● **YOUR TASK**: Drop every image, then reproduce the data exactly as given.
*** PROVIDED DATA Section Begins ***
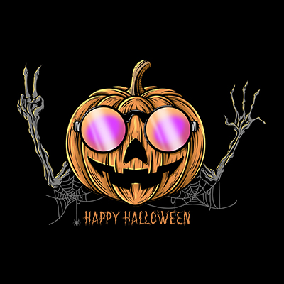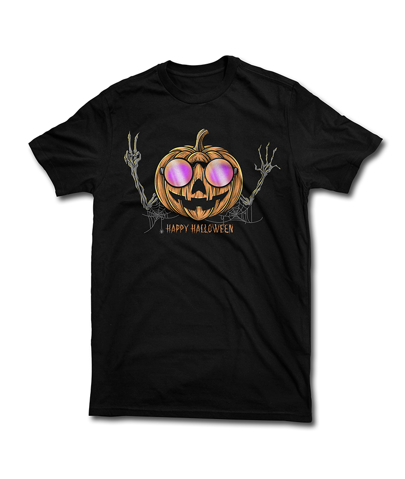 Vector illustration of Pumkin. Illustration Smiling pumkins use glasses with peace hand.
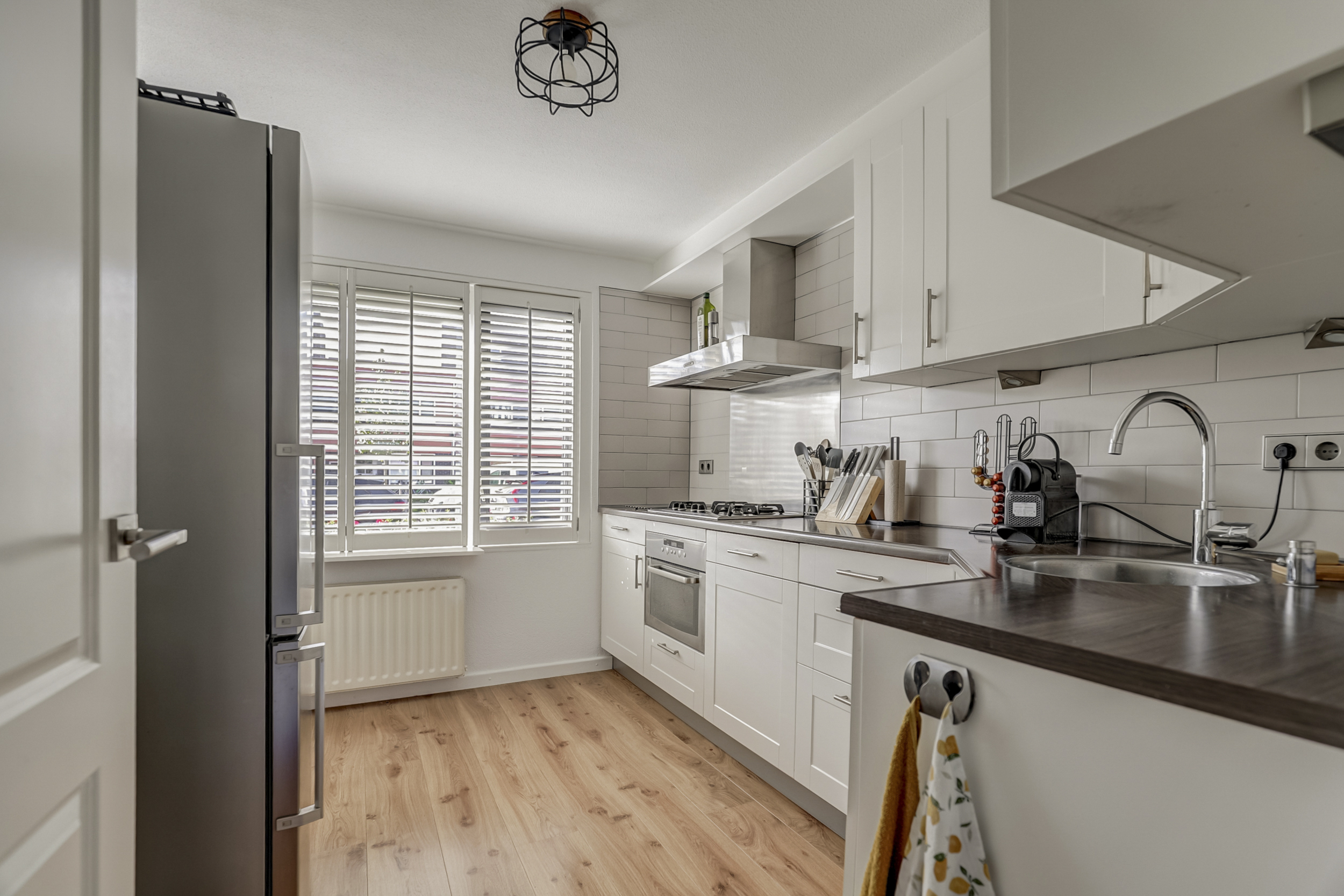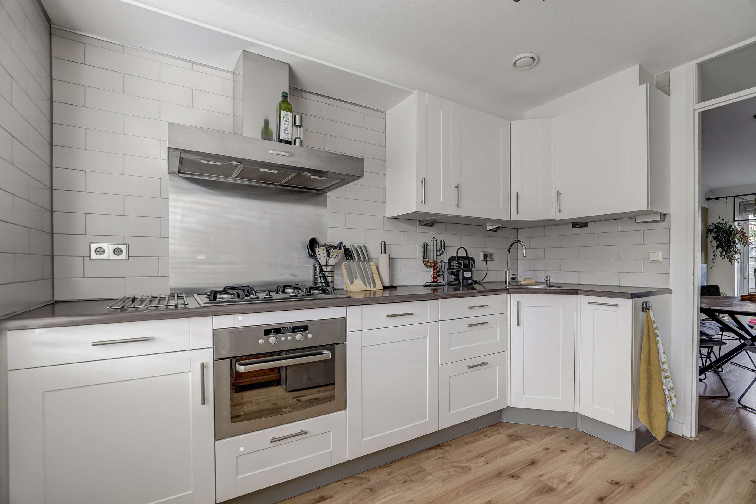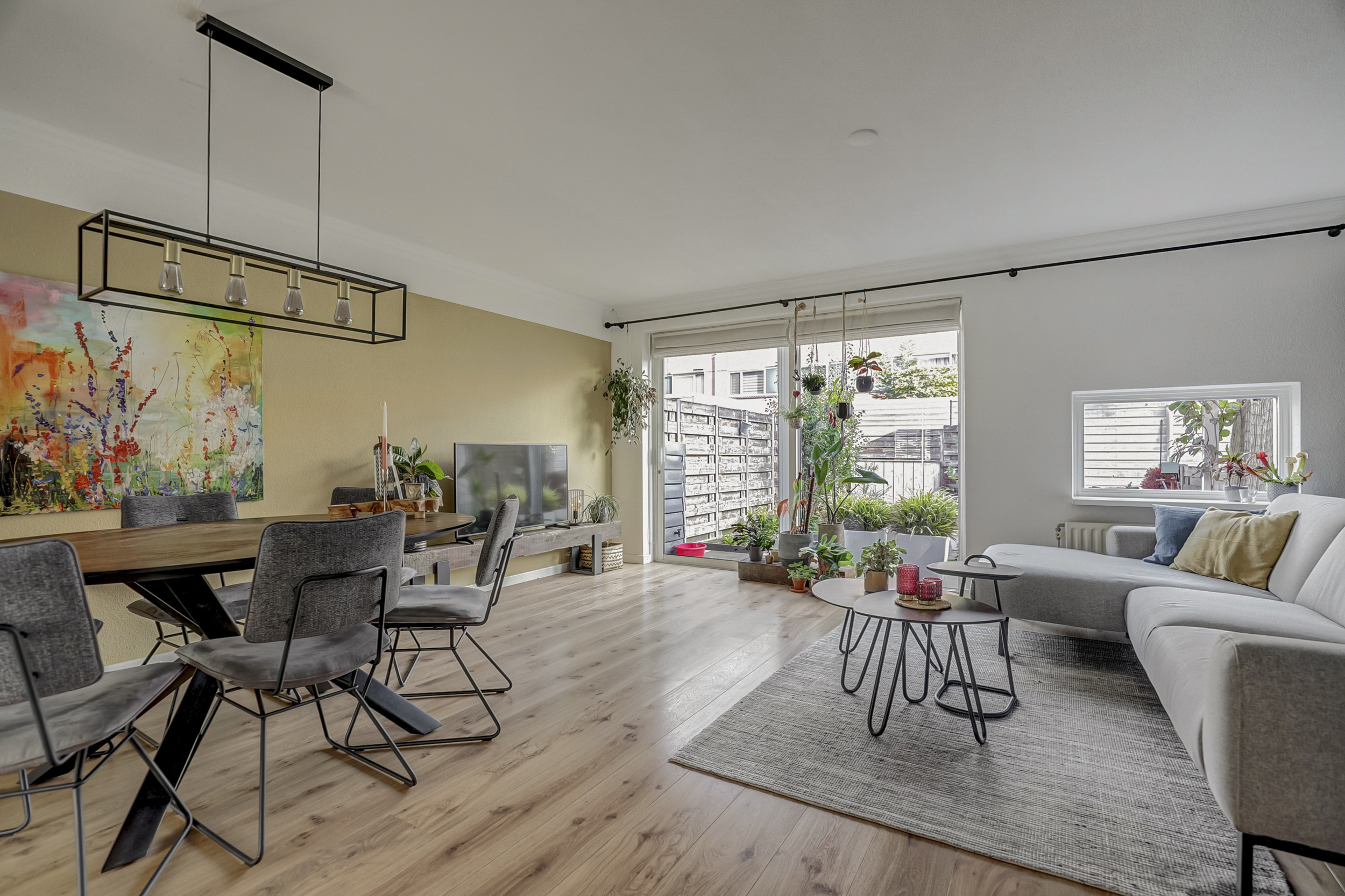 Entree, hal met meterkast en trapopgang naar de eerste verdieping, met toegang tot de woonkamer. De lichte, ruime woonkamer is strak afgewerkt met een lichte laminaatvloer. De grote schuifpui naar de achtertuin zorgt voor veel licht en een prettige verbinding met buiten. Aan de tuinzijde is ruimte voor een gezellige zithoek, terwijl de eethoek centraal in het midden is gesitueerd. De praktische trapkast biedt extra bergruimte voor proviand en andere benodigdheden. Aan de voorzijde is de keuken uitgevoerd in lichte tinten, voorzien van diverse inbouwapparatuur en afgewerkt met charmante paneeldeuren.
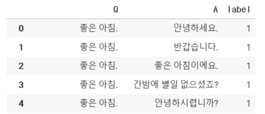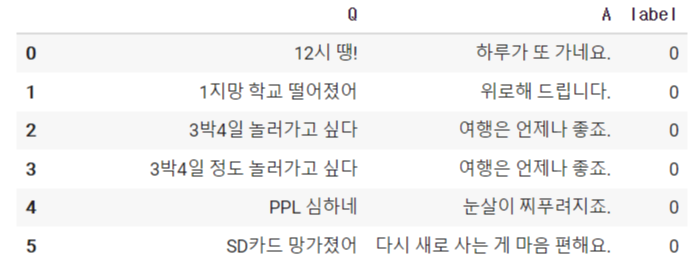 해당 데이터셋에서 일상 관련 데이터가 5290행까지라서 data[0:5290]으로 불러와줬다. 일상 대화 데이터는 아래와 같은 형식을 갖고 있다.
*** PROVIDED DATA Section Ends ***
● **FINAL ANSWER**:
 Vector illustration of Pumkin. Illustration Smiling pumkins use glasses with peace hand.
 Entree, hal met meterkast en trapopgang naar de eerste verdieping, met toegang tot de woonkamer. De lichte, ruime woonkamer is strak afgewerkt met een lichte laminaatvloer. De grote schuifpui naar de achtertuin zorgt voor veel licht en een prettige verbinding met buiten. Aan de tuinzijde is ruimte voor een gezellige zithoek, terwijl de eethoek centraal in het midden is gesitueerd. De praktische trapkast biedt extra bergruimte voor proviand en andere benodigdheden. Aan de voorzijde is de keuken uitgevoerd in lichte tinten, voorzien van diverse inbouwapparatuur en afgewerkt met charmante paneeldeuren.
 해당 데이터셋에서 일상 관련 데이터가 5290행까지라서 data[0:5290]으로 불러와줬다. 일상 대화 데이터는 아래와 같은 형식을 갖고 있다.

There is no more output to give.